October 23, 2012|By Richard A. Serrano
  • Former CIA officer John Kiriakou, right, and his attorney Robert Trout, walk to U.S. District Court in Alexandria, Va.
Former CIA officer John Kiriakou, right, and his attorney Robert Trout,… (Cliff Owen / Associated…)

WASHINGTON — A former U.S. intelligence officer with a long history at CIA headquarters and the agency’s Counterterrorism Center pleaded guilty in U.S. District Court in Alexandria, Va., to a single count of disclosing information identifying a covert agent.

He faces a 30-month federal prison sentence and $250,000 fine under a plea agreement with federal prosecutors.

John C. Kiriakou, a CIA officer from 1990 to 2004, was charged in April with unmasking the 20-year covert agent to a Washington journalist who then shared that information with defense lawyers for terrorist detainees at the U.S. Naval Base at Guantanamo Bay, Cuba.

He had also been awaiting trial on separate charges that he disclosed to two journalists the name and contact information for a CIA analyst and his undercover work in capturing Al Qaeda leader Abu Zubaydah. Those charges were dropped in return for the guilty plea.

The 47-year old Kiriakou had served as both an intelligence officer at CIA headquarters as well as in various classified overseas assignments. He held a top secret security clearance and had regular access to national defense information. Years ago he signed a secrecy agreement and acknowledged that should he reveal certain sensitive information it could “constitute a criminal offense.”

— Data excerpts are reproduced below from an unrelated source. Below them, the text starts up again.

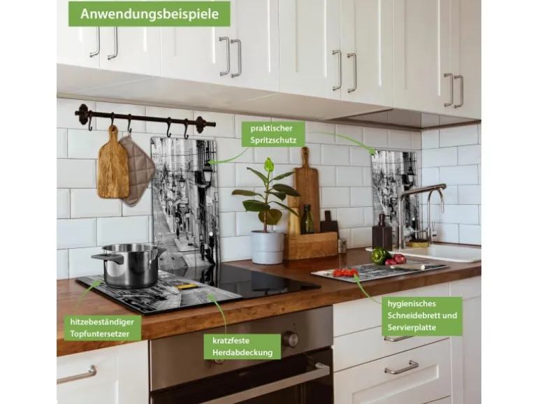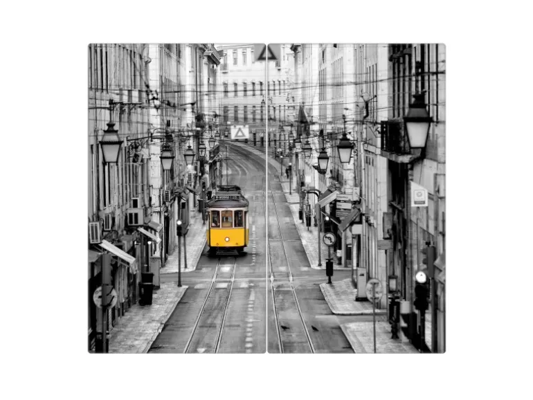 Banjado Herdabdeckplatte Glas 2 Teilig Je 30x52CM Schneidebrett Herdabdeckung Mit Motiv Lissabon
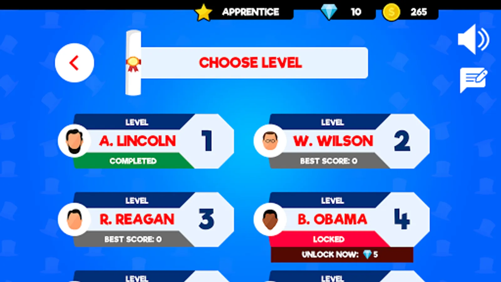 With hundreds of questions and answers, this history trivia app will cover all 44 US presidents. You will learn all the most important information about them, as well as many interesting and unknown facts of their lives.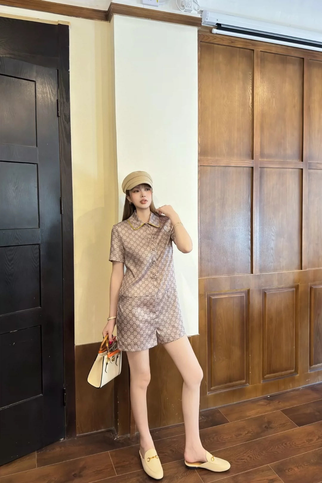 G 25 Neue einteilige Shorts mit Buchstabendruck und kurzen Ärmeln am Revers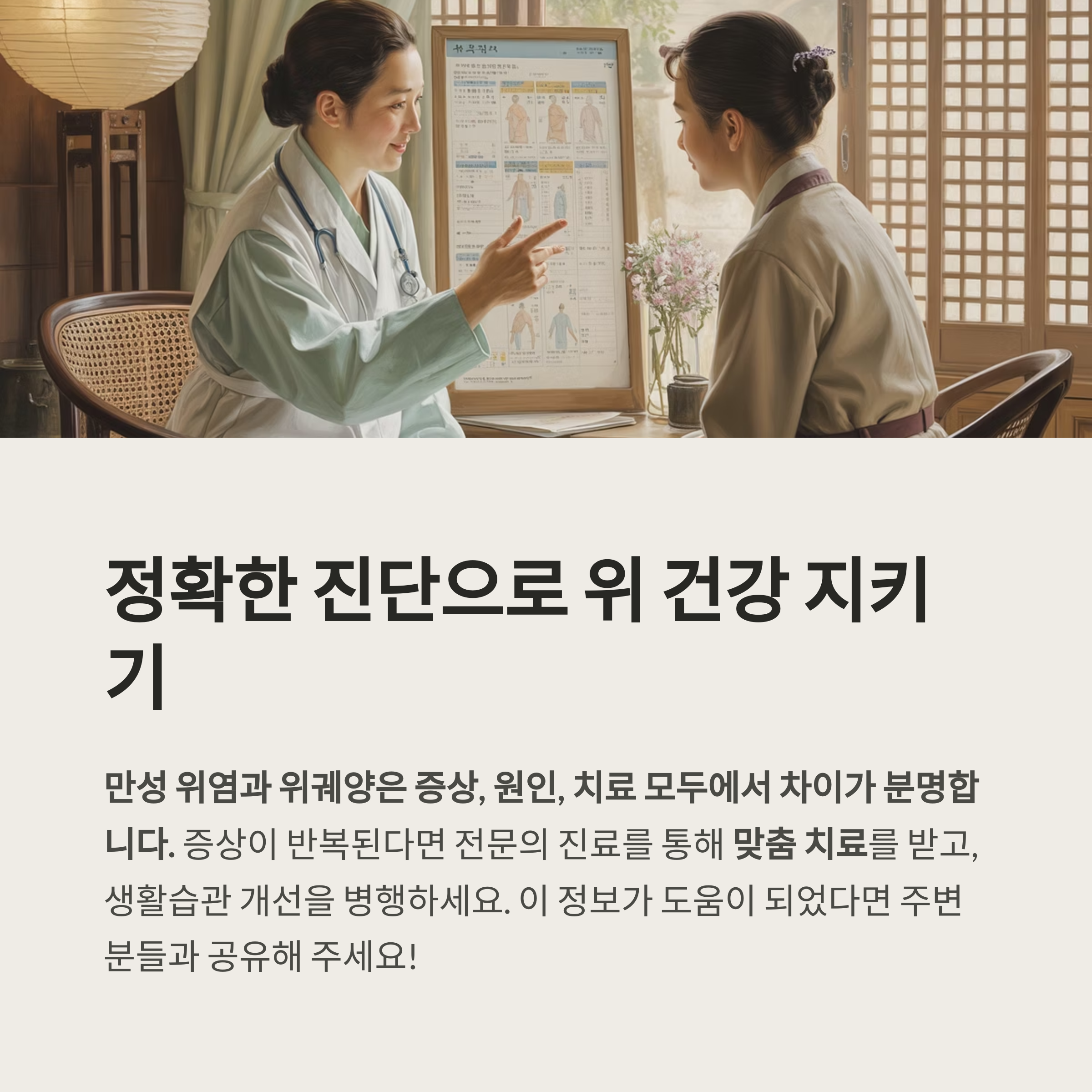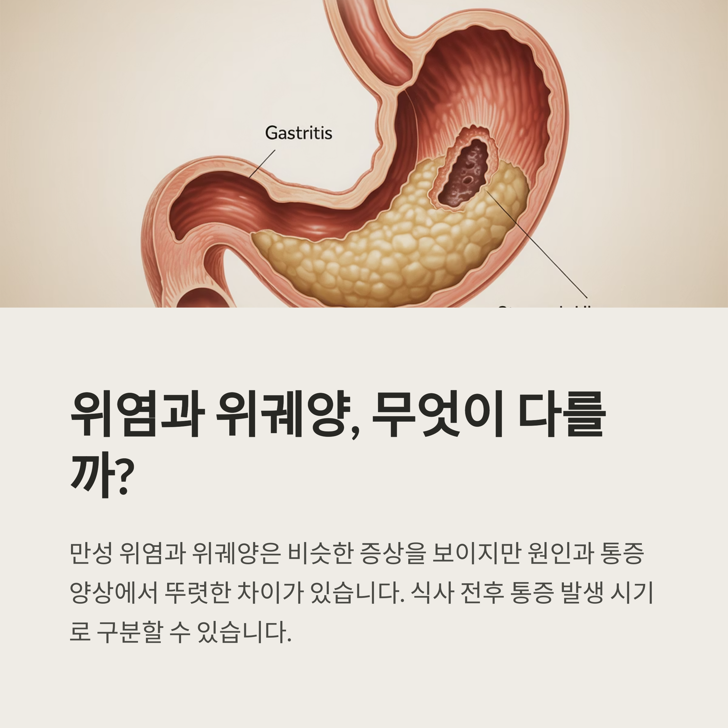 만성 위염과 위궤양은 비슷한 증상을 보이지만 원인과 통증 양상에서 뚜렷한 차이를 보입니다.

James W. McJunkin, assistant director in charge of the FBI’s Washington field office, called Kiriakou's actions “a clear violation of the law.”

In an 11-page statement of facts signed by Kiriakou, he confessed that he also lied to FBI agents trying to track down the leaks, and feigned surprise when told that defense lawyers for the detainees now knew the identity of the CIA covert officer.

“Oh, my God. No,” he told the FBI. “Once they get names, I mean, this is scary.”